Self Checkout Analytics
Automated Self Checkout Analytics and Fault Detection for NCR Voyix Clients
This is a description of my internship project at NCR (now NCR Voyix) in summer 2023. NCR Voyix is the world’s largest provider of self-checkout machines, software, and managed services for these devices - mostly around maintenance and repair. I was a part of the Data Engineering team which is responsible for building and upgrading the data collection and analysis tooling for machines deployed at client locations.
A common problem for self-checkout machines is that they have diverse failure modes. A failed scan could a real failure of the scanner or weighing scale hardware but more often, it is incorrect use by the customer in the form of an improper scan. Another common failure mode is improper integration of inventory management software and the payments software which leads to “missing” items. Often, employees block the scanner with an object to prevent customers from using it. These are just a few examples of the many failure modes that self-checkout machines can have. My project was to detect these failure modes and build an analytics system to automatically collect scanner data and build early warning systems for these failure modes. The idea is that early warning allows NCR to plan their maintenance schedules better saving operating costs for the company and capital efficiency for the client.

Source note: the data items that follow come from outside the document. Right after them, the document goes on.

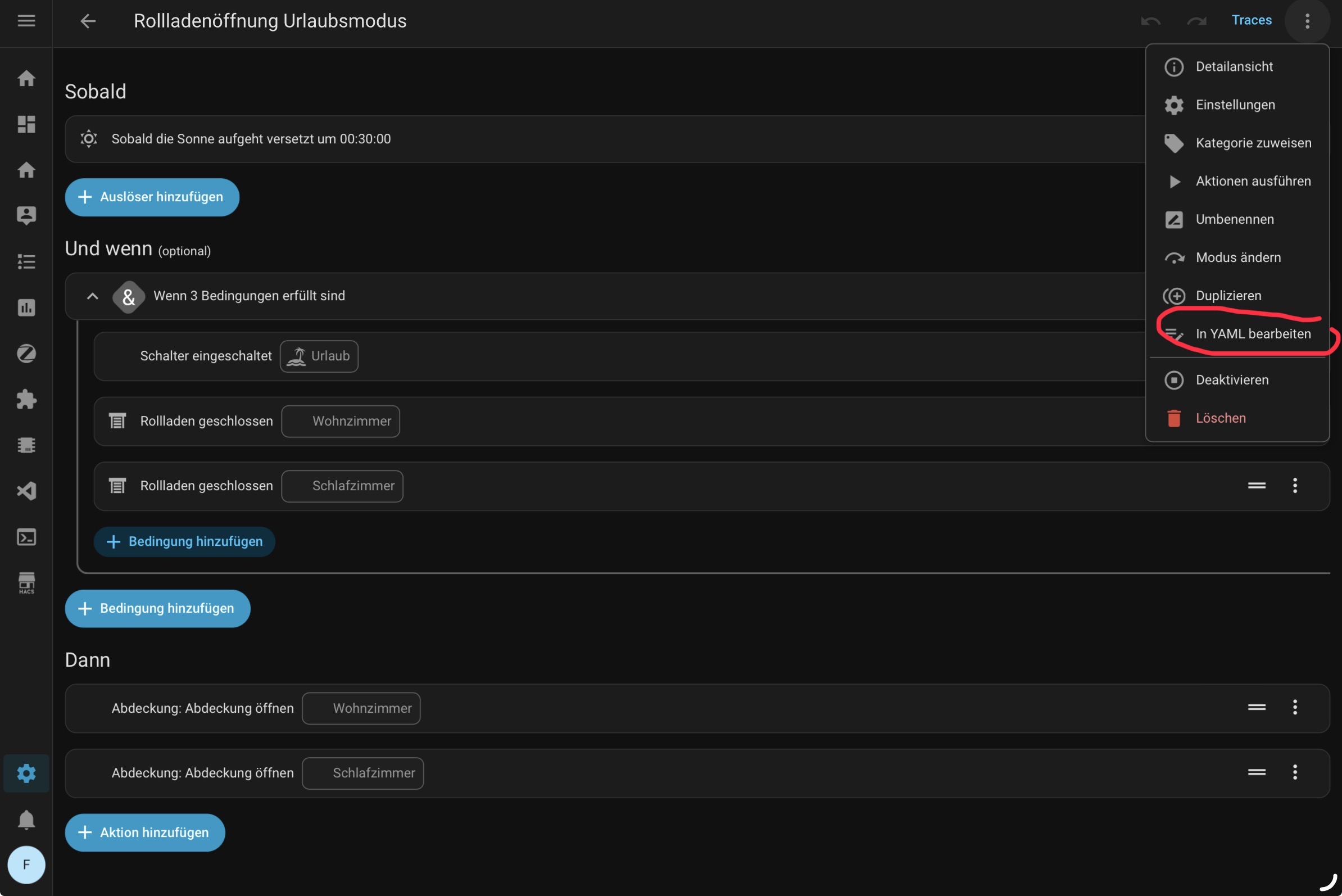 Unter "Neue Automation", kann ich als "Auslöser" einen Zeitpunkt einrichten.. folglich müsste dann unter "Dann" eine "Aktion" hinzugefügt werden, nämlich das Öffnen des Rolladens. Nur wo finde ich diese Aktion? Da hänge ich gerade etwas..
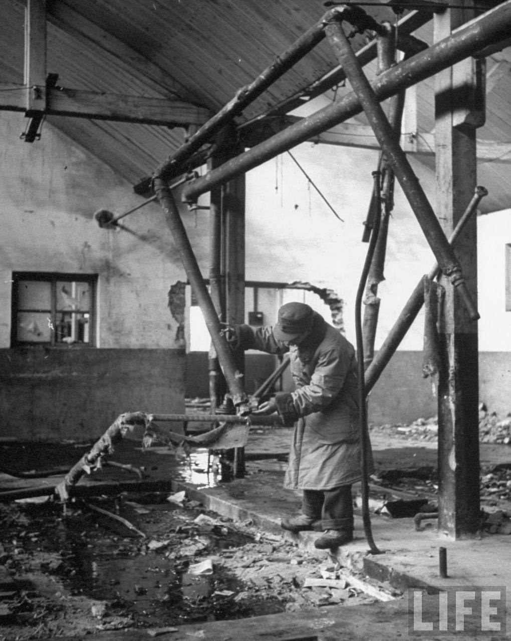 1946年3月,沈阳。原来的一家大型日本人开办的橡胶厂,苏联搬走所有的机器和设备后就把它焚烧掉,但一些搬不走的大型的机器设备清晰可见。.jpg
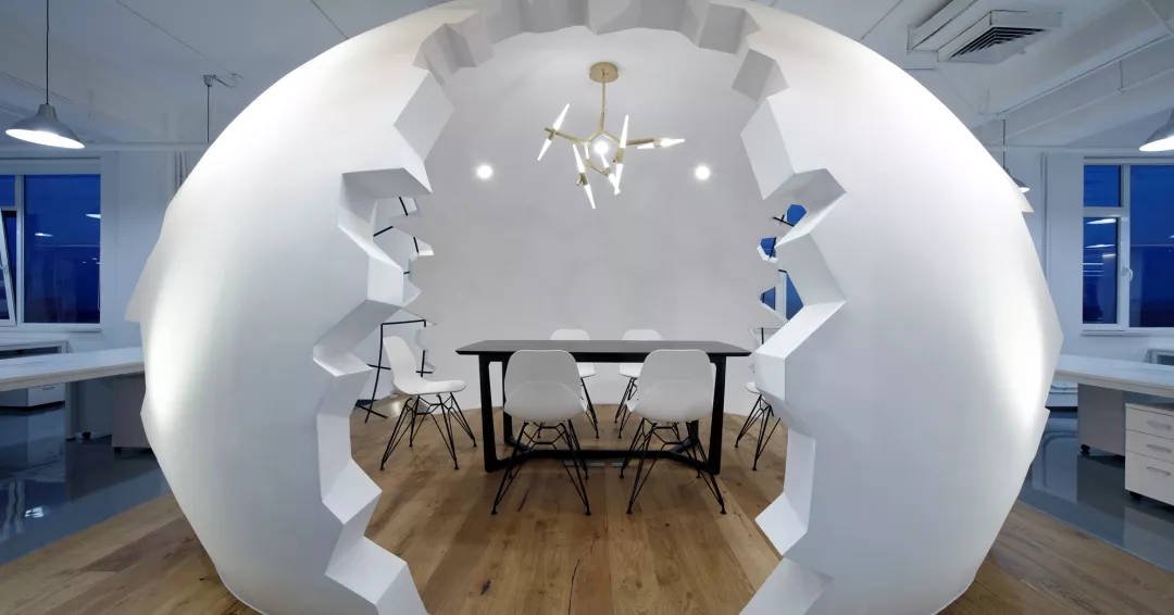 為了給開放式的辦公空間注入活力,我們在排排坐的工位場地正中設置了“破殼而出“的主形象——巨蛋討論區(qū),橢圓形的蛋壁實現(xiàn)攏音的隔音效果,兩側的鏤空引入自然光源,令這個裝置藝術般的討論區(qū)打破開放式工位的沉悶,成為視覺焦點。

I started by studying the usage logs from eight scanners from Walmart and Aldi across three countries - the US, UK, and Germany. This part was somewhat manual (I was running SQL queries directly from Azure Data Studio) as the failure modes were not fully known and noticing bad usage patterns is more of an art. I regularly interviewed team members responsible for management of different failure modes and finalised 16 distinct patterns with my manager and mentor. At this point, the real engineering work started. My manager decided that 600 machines across two continents would be enough of a challenge for me from a data engineering and distributed systems perspective to make this a learning experience but not overwhelm me.

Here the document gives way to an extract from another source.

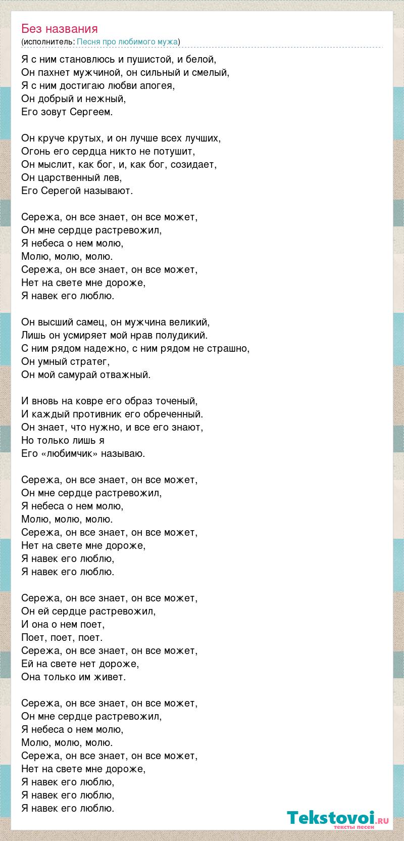 Я с ним становлюсь и пушистой, и белой, Он пахнет мужчиной, он сильный и смелый, Я с ним достигаю любви апогея, Он добрый и нежный, Его зовут Сергеем. Он круче крутых, и он лучше всех лучших, Огонь его сердца никто не потушит, Он мыслит, как бог, и, как бог, созидает, Он царственный лев, Его Серегой называют. Сережа, он все знает, он все может, Он мне сердце растревожил, Я небеса о нем молю, Молю, молю, молю. Сережа, он все знает, он все может, Нет на свете мне дороже, Я навек его люблю. Он высший самец, он мужчина великий, Лишь он усмиряет мой нрав полудикий. С ним рядом надежно, с ним рядом не страшно, Он умный стратег, Он мой самурай отважный. И вновь на ковре его образ точеный, И каждый противник его обреченный. Он знает, что нужно, и все его знают, Но только лишь я Его «любимчик» называю. Сережа, он все знает, он все может, Он мне сердце растревожил, Я небеса о нем молю, Молю, молю, молю. Сережа, он все знает, он все может, Нет на свете мне дороже, Я навек его люблю, Я навек его люблю. Сережа, он все знает, он все может, Он ей сердце растревожил, И она о нем поет, Поет, поет, поет. Сережа, он все знает, он все может, Ей на свете нет дороже, Она только им живет. Сережа, он все знает, он все может, Он мне сердце растревожил, Я небеса о нем молю, Молю, молю, молю. Сережа, он все знает, он все может, Нет на свете мне дороже, Я навек его люблю, Я навек его люблю, Я навек его люблю.
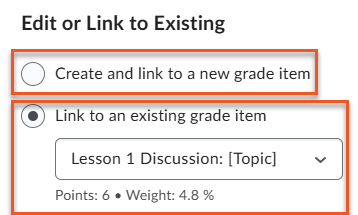NOTE: If you’ve already built out your grade­book with grade items, do not cre­ate and link to a new grade item or you will end up with dupli­cate grade items in your grade­book.

I was in charge of systems design to final testing. Two questions guided my system design choices: scalability and cost. Analytics and data cloud are inherently expensive products and our target was a dashboard that was real-time within a 5-minute threshold. For data collection, I used the company’s proprietary AFR systems deployed on NCR private cloud. The data returned by AFR is in XML format contains a lot of sensititve information. I wrote stress-tested Python scripts to process the XML to remove sensitive information. These scripts run on the private cloud due to legal requirements.

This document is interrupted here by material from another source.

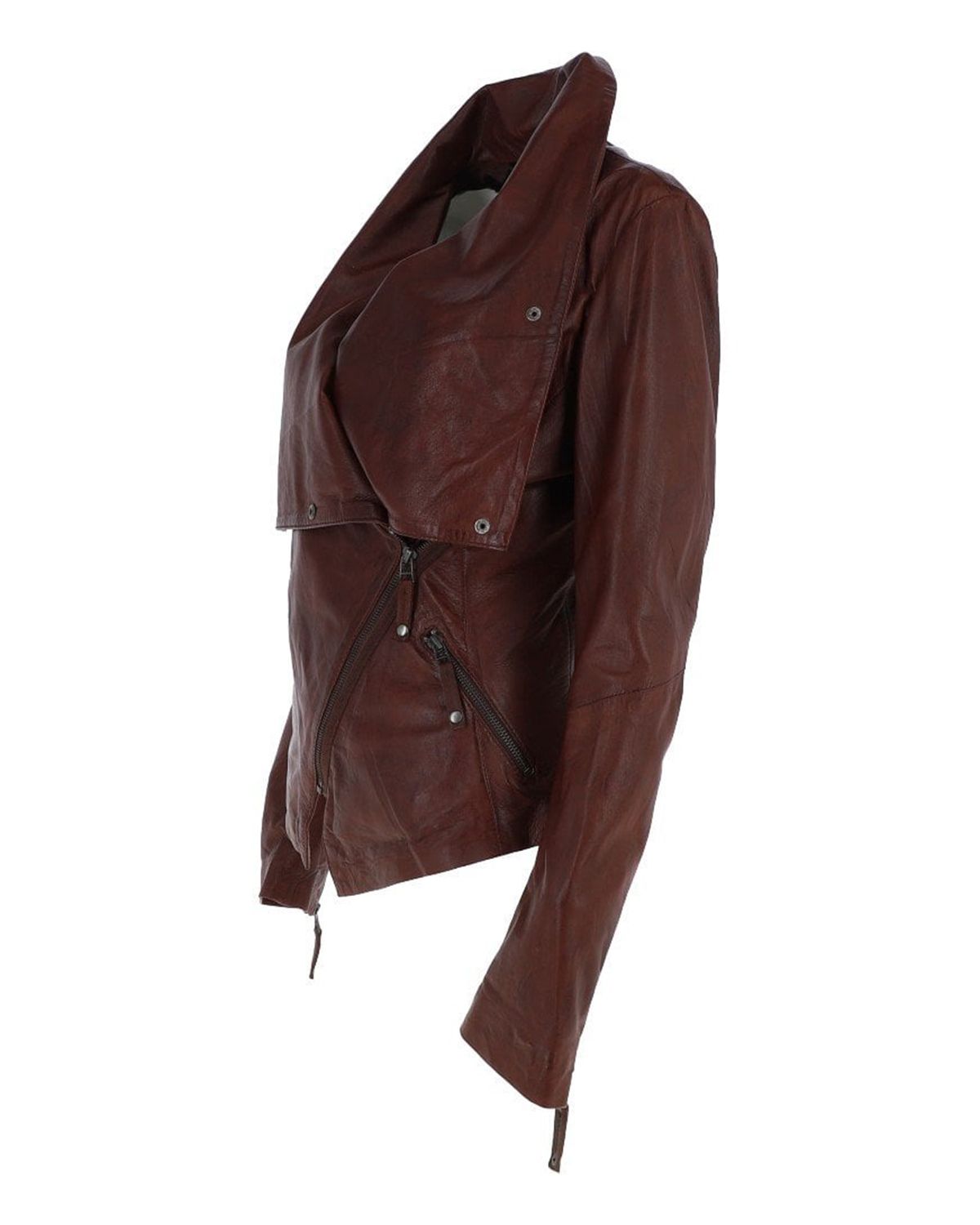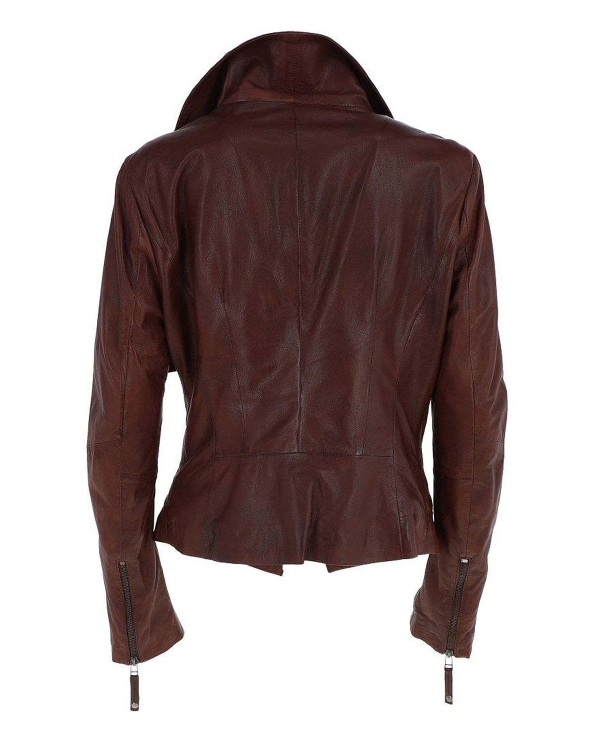 Glowrexs Women's Oxblood Biker Leather Jacket - Oxblood / XS

With the help of the database team, I designed a schema for a custom SQL Server on Azure database and implemented it as a managed instance - providing a blend of flexibility and cost efficacy. I wrote a Python script to process the XML data and insert it into the database. This script runs on Azure Functions and is accessible only with a custom API endpoint created with Azure API Management. Even if I say so myself, this is a clever design. Why? After conducting experiments with VM and Functions, I found the Azure Functions is cheaper and faster to scale. I could have used a blob storage trigger but that is slower and you must pay for the storage. An API endpoint costs almost nothing and the private cloud makes a direct request to this endpoint. The script updates the database. The database is the source of truth so we don’t need AFR data anymore. A snapshot of the database is taken every 12 hours and stored in a blob storage container. This is the data source for the dashboard.
To make this powerful data accessible, I created Grafana dashboards for Walmart. The dashboard provided upto minute accurate information on operational performance at company level, store level, and unit level for the SCO devices. The dashboard also provided predictive analytics on what units might fail in the next month and sent a notification to the right company representative with suggested early maintenance. This used Azure Communication Services to managed and send emails.

By the end, this system was deployed to all 600 machines in the test batch processing 20 million log events, sending 18,000 dashboard updates, and sending 40 early maintenance notifications every day.